## What to work on
Below this line is a listing that includes pictures. Copy exactly, and only, the lines from the one containing "高弹百搭针织背心女休闲修身打底简约半高领纯色针织上衣女 691459" through the one containing "采用全乙?;哪咎?2)在四氯"; the pictures do not go in the copy.

## Data excerpts
<<<<

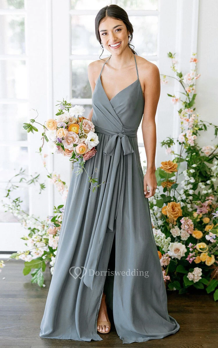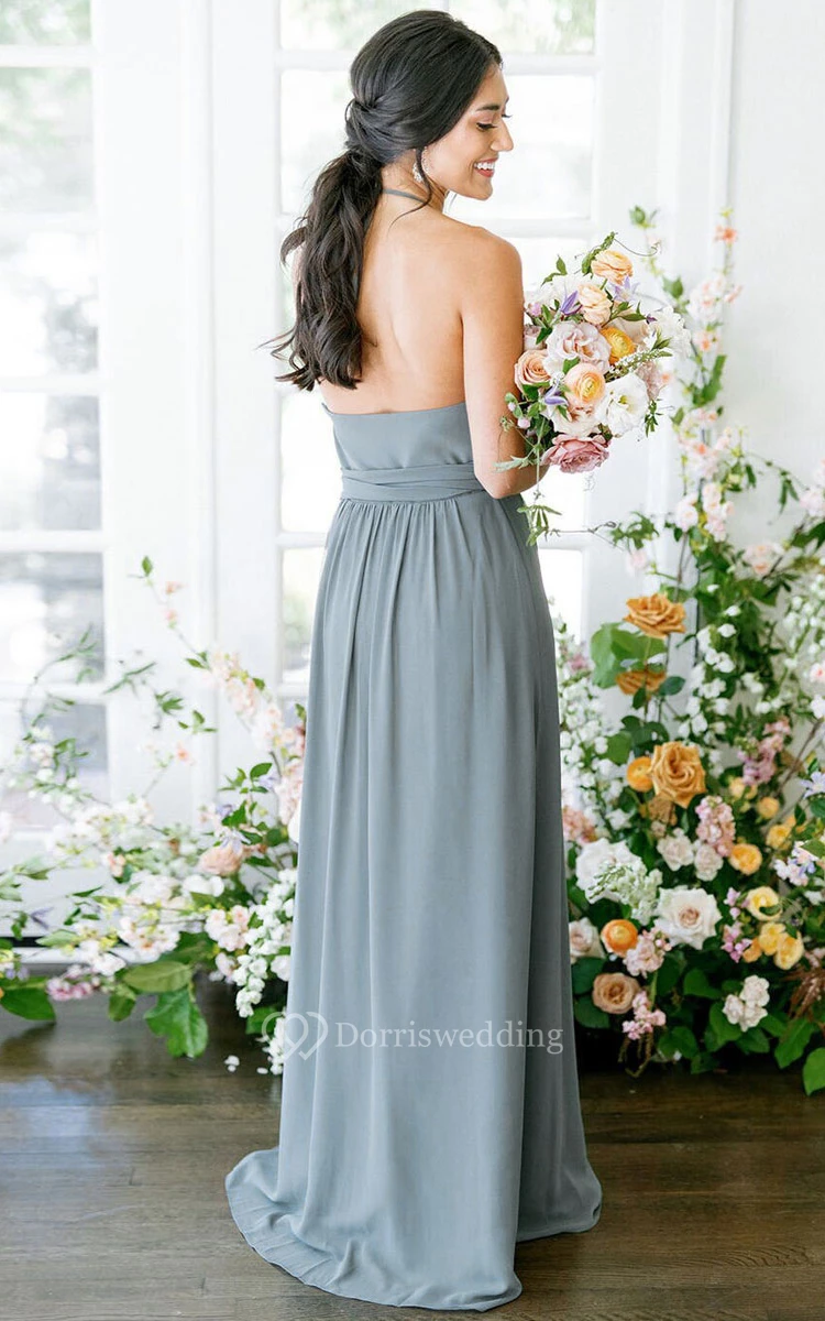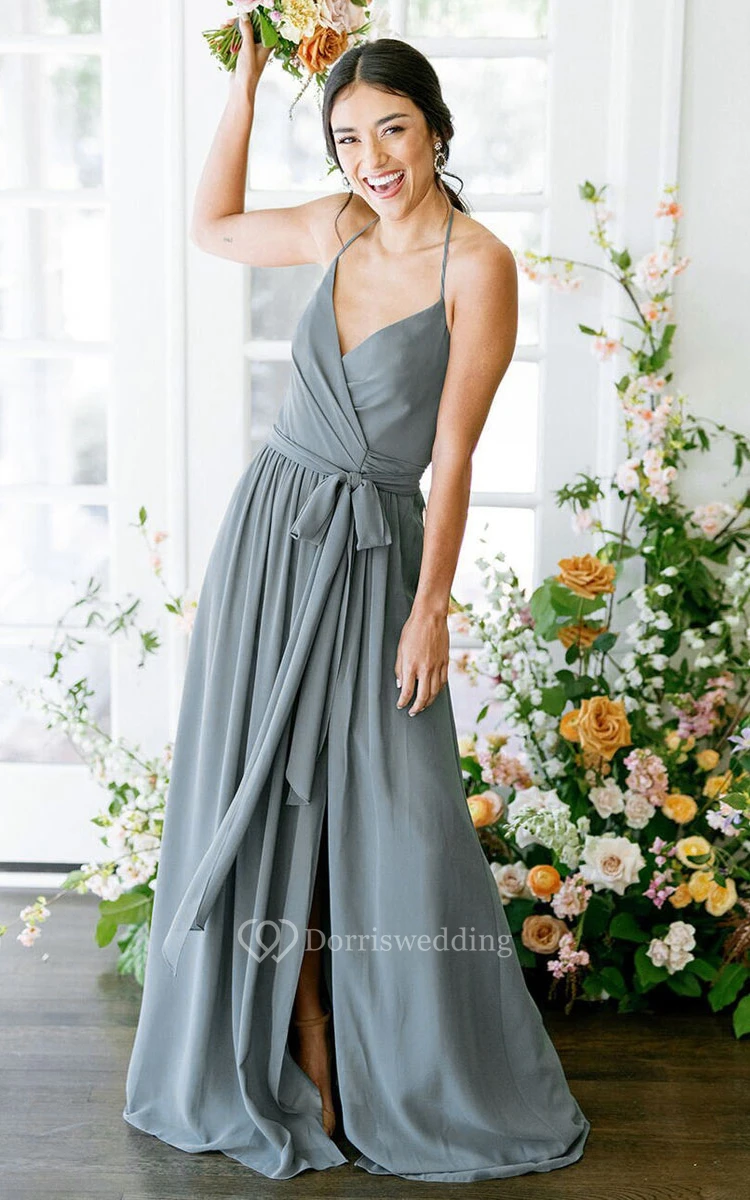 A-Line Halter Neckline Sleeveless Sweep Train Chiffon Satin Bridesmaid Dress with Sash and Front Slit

>>>>
<<<<

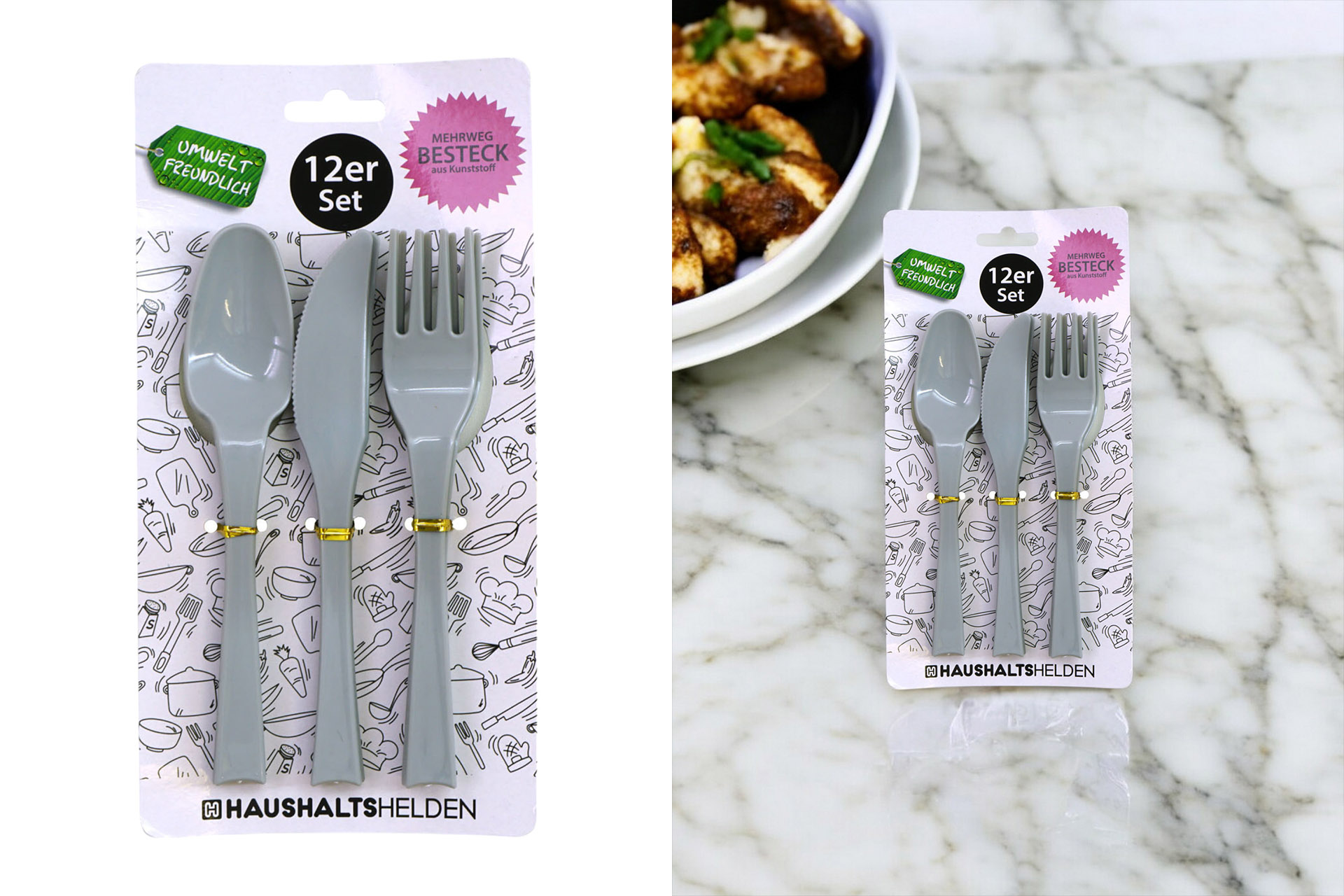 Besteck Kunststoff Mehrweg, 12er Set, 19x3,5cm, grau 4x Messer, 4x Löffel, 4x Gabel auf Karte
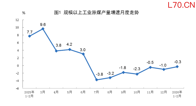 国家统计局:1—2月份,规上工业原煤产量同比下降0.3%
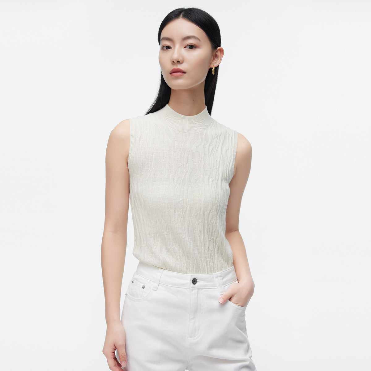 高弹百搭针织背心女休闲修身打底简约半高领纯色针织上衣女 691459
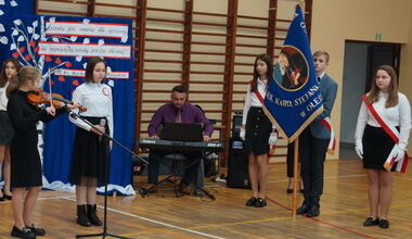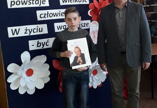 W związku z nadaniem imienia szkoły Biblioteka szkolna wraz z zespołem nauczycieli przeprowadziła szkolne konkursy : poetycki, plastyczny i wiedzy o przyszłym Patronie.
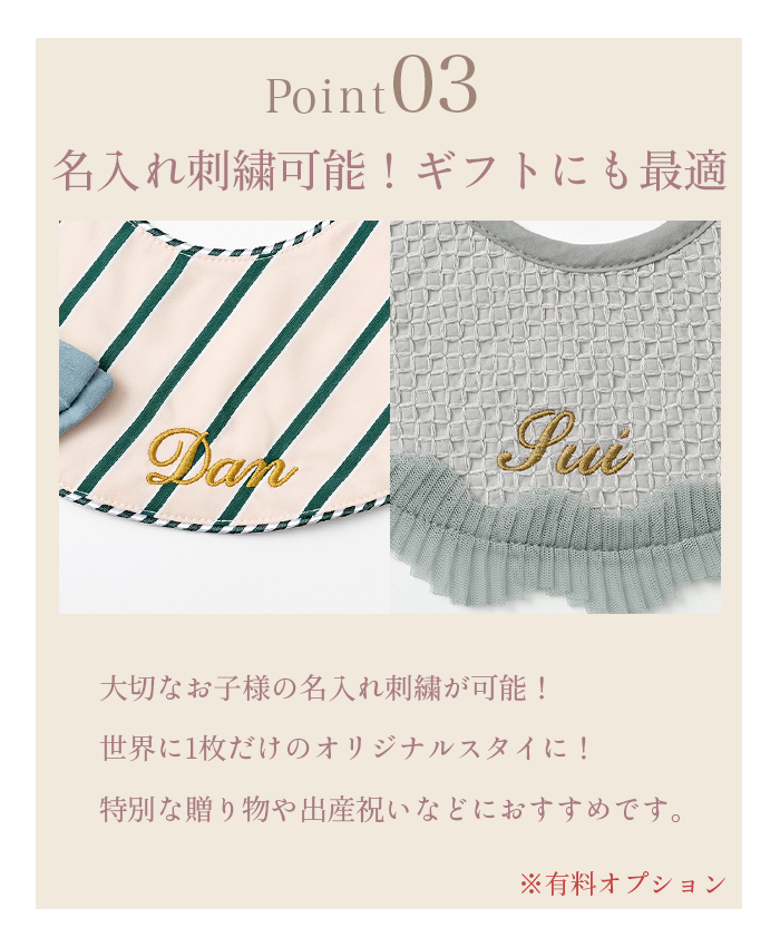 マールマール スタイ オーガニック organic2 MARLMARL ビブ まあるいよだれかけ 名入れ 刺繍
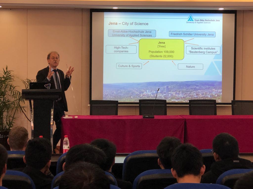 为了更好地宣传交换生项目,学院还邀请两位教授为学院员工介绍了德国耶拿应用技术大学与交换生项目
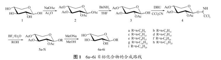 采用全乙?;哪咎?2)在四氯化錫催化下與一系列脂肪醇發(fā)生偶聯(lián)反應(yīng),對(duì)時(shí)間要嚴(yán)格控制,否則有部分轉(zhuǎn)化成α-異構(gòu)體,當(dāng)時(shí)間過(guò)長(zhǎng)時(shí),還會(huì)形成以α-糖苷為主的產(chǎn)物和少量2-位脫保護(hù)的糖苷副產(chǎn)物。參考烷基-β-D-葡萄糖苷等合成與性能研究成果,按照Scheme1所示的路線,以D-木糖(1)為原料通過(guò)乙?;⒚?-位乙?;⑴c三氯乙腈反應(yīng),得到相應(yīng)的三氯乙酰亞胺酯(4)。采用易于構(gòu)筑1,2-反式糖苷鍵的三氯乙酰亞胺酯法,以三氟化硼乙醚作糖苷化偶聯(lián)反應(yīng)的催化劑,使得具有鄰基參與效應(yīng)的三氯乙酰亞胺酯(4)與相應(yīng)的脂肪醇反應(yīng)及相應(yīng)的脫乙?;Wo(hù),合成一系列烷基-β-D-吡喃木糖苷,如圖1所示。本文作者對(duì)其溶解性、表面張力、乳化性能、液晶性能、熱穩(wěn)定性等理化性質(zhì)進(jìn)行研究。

>>>>

## Output for this exercise
 高弹百搭针织背心女休闲修身打底简约半高领纯色针织上衣女 691459
 W związku z nadaniem imienia szkoły Biblioteka szkolna wraz z zespołem nauczycieli przeprowadziła szkolne konkursy : poetycki, plastyczny i wiedzy o przyszłym Patronie.
 マールマール スタイ オーガニック organic2 MARLMARL ビブ まあるいよだれかけ 名入れ 刺繍
 为了更好地宣传交换生项目,学院还邀请两位教授为学院员工介绍了德国耶拿应用技术大学与交换生项目
 采用全乙?;哪咎?2)在四氯化錫催化下與一系列脂肪醇發(fā)生偶聯(lián)反應(yīng),對(duì)時(shí)間要嚴(yán)格控制,否則有部分轉(zhuǎn)化成α-異構(gòu)體,當(dāng)時(shí)間過(guò)長(zhǎng)時(shí),還會(huì)形成以α-糖苷為主的產(chǎn)物和少量2-位脫保護(hù)的糖苷副產(chǎn)物。參考烷基-β-D-葡萄糖苷等合成與性能研究成果,按照Scheme1所示的路線,以D-木糖(1)為原料通過(guò)乙?;⒚?-位乙?;⑴c三氯乙腈反應(yīng),得到相應(yīng)的三氯乙酰亞胺酯(4)。采用易于構(gòu)筑1,2-反式糖苷鍵的三氯乙酰亞胺酯法,以三氟化硼乙醚作糖苷化偶聯(lián)反應(yīng)的催化劑,使得具有鄰基參與效應(yīng)的三氯乙酰亞胺酯(4)與相應(yīng)的脂肪醇反應(yīng)及相應(yīng)的脫乙?;Wo(hù),合成一系列烷基-β-D-吡喃木糖苷,如圖1所示。本文作者對(duì)其溶解性、表面張力、乳化性能、液晶性能、熱穩(wěn)定性等理化性質(zhì)進(jìn)行研究。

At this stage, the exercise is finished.